No matter how good and participatory a parent has been, the standard “visitation” time forced upon almost all “non-custodial” parents in the state of Illinois is approximately four hours a week and every other weekend. This prevents even-bonding, and viewed over a lifespan, family courts currently create the greatest preventable theft of joy. Furthermore, it is overwhelmingly evident that obstructing good parents from influencing their children is causing a myriad of social ills from Chicago to Cairo.
Once a judge has determined that both parents are good and fit, the BEST interests of EVERY CHILD would be that courts enforce an even-bonding opportunity with both parents and families over the entire 18 years of child development.
Speaker of the House Mike Madigan’s bipartisan Illinois Family Law Study Committee, after exhaustive research, concluded that it was in the best interests of every child to have at least 35 percent minimum time weekly with a good and fit non-custodial parent. That 35 percent was “mysteriously” gutted from 2014 legislation as soon as the Illinois State Bar Association opposed it. The ISBA supports 0 percent minimum parenting time.
The ISBA insists on keeping the current “winner-takes-all” custody model which maximizes conflict and reduces children to pawns. The ISBA audaciously contends that greed has zero impact on family law and, if you believe that, then you must also believe that Chicago’s Al Capone was ONLY guilty of tax evasion.
Nationally, The Washington Post recently reported that more than 20 states in 2017 considered laws to require shared parenting. Currently, Illinois House Bill 4113, a parenting equality bill, is a quantum leap forward toward a remedy for court created inequality. HB 4113 would create a rebuttable presumption that equal parenting time is in the best interests of children. Any deviation from 50/50 would have to be justified in writing in the judge’s decision.
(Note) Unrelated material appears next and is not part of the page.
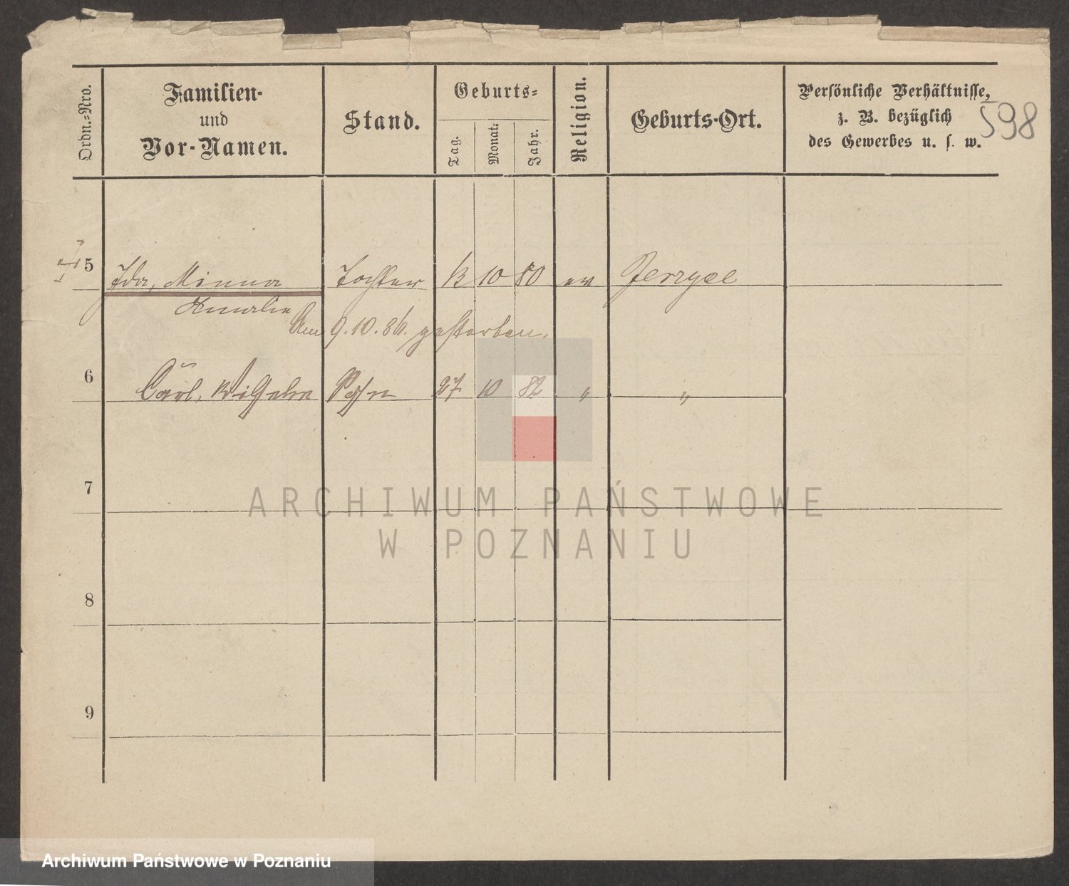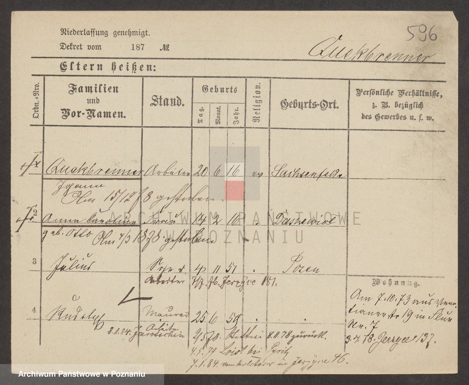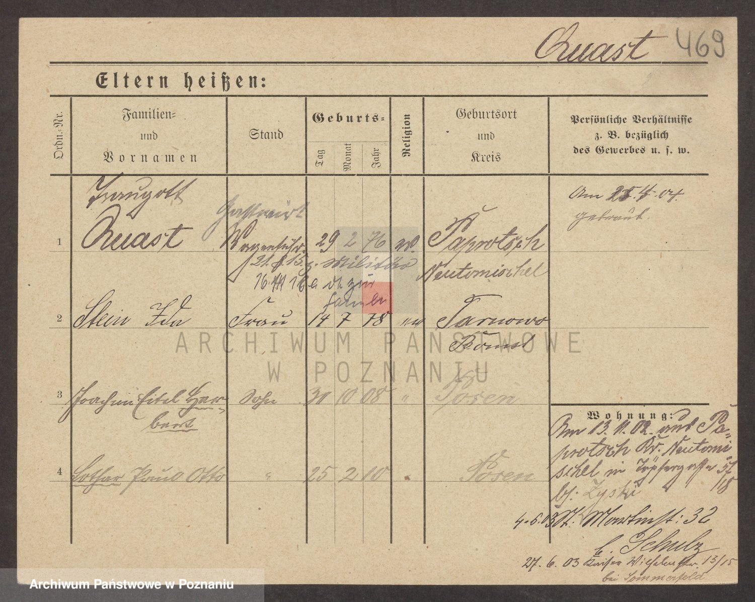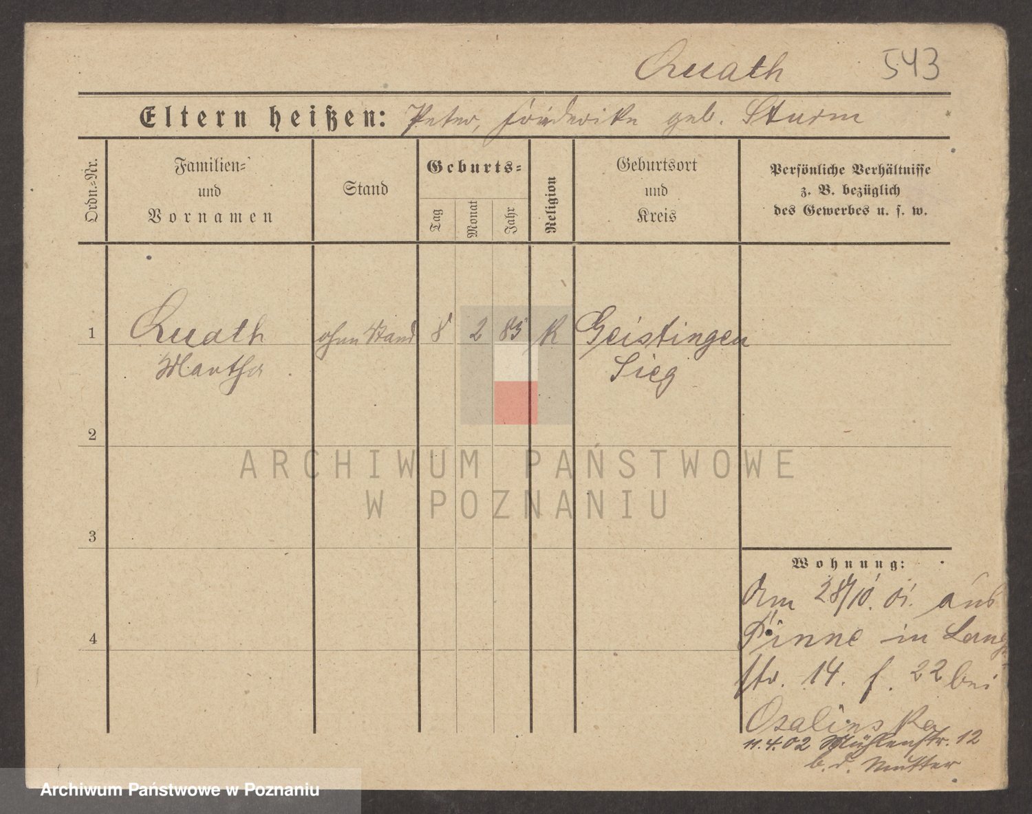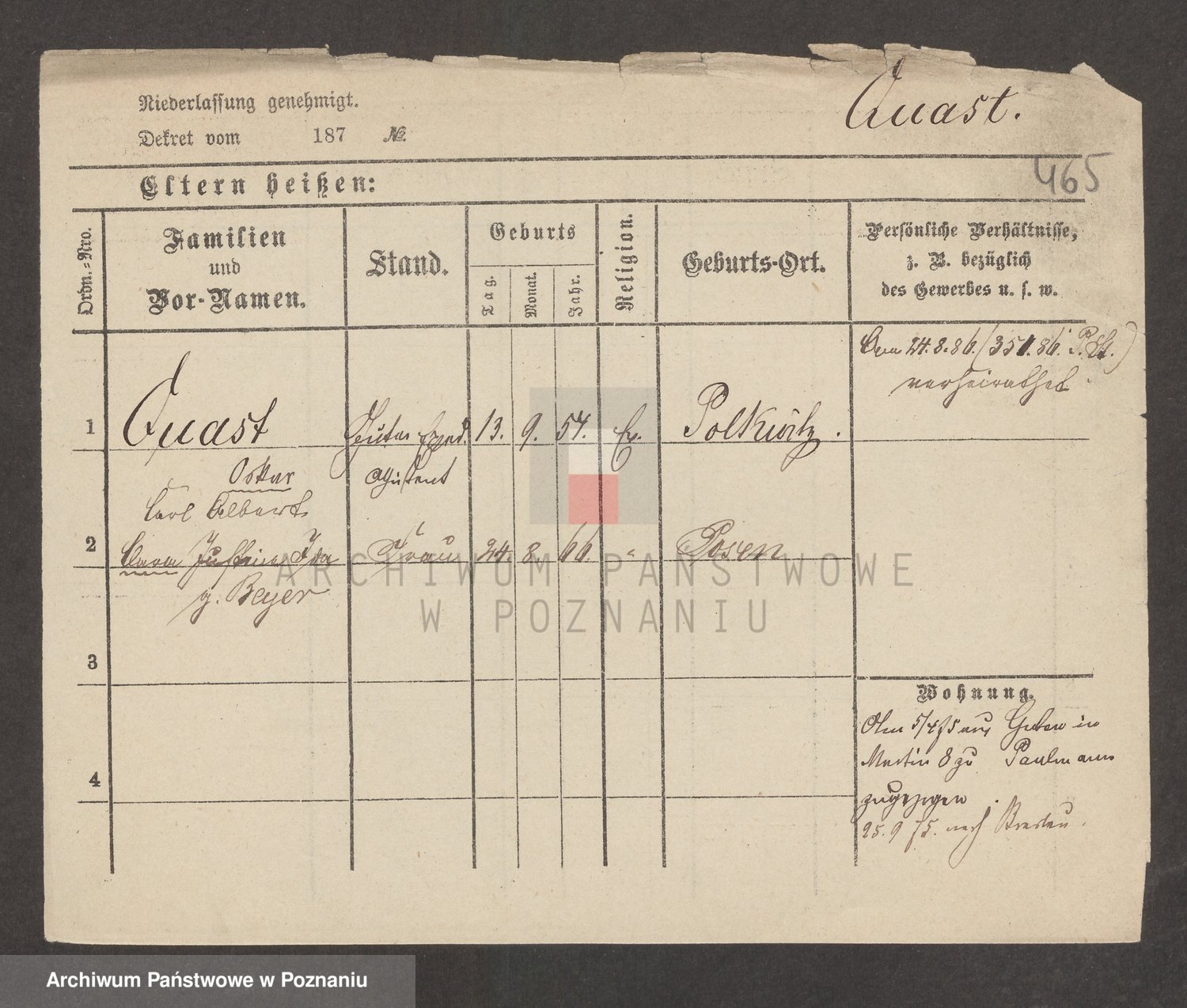 Podgląd karty osobowej dostępny jest po kliknięciu na nazwisko lub ikonkę karty. Można dokonywać powiększenia (ikony na górze) lub przechodzić między kolejnymi skanami (strzałki po bokach).

HB 4113 has quickly gained strong bipartisan support with 17 sponsors.
Last month in Chicago, Rep. La Shawn Ford, chief sponsor of HB 4113 and civil rights hero, held a massive HB 4113 roundtable discussion. The opposition, an army of veteran family law attorneys and at least one judge, claimed to be experts for decades, but came to the table with zero evidence that family courts are serving the best interests of children.
The vested interests who oppose a child’s constitutional right to equal parenting often defend the indefensible by cavalierly citing, “divorce is complicated.” Equality has ALWAYS been complicated, but in this country, we eventually embrace those complications, realizing that the worst source of complication is perpetual inequality. Within the next few decades, today’s family court outcomes will be viewed as odious as the segregated water fountains of the Jim Crow era.
And finally, most soul crushing, I cannot believe that I jumped out of airplanes in the middle of the night in an Army airborne unit only to return to my home, the Land of Lincoln, to be told that “equality is impossible.” Well, in the words of Nelson Mandela, “It always seems impossible until you make it happen.”
The fate of our children is now in your hands. Silence in a democracy is consent, so please call your state representative NOW! Representatives don’t expect you to be a bill expert. They just need the phone calls urging them to support shared parenting and to SPONSOR HB 4113! Many organizations support HB 4113; Leading Women for Shared Parenting, Women of Illinois for Fathers’ Equality and Illinois Fathers for Equality.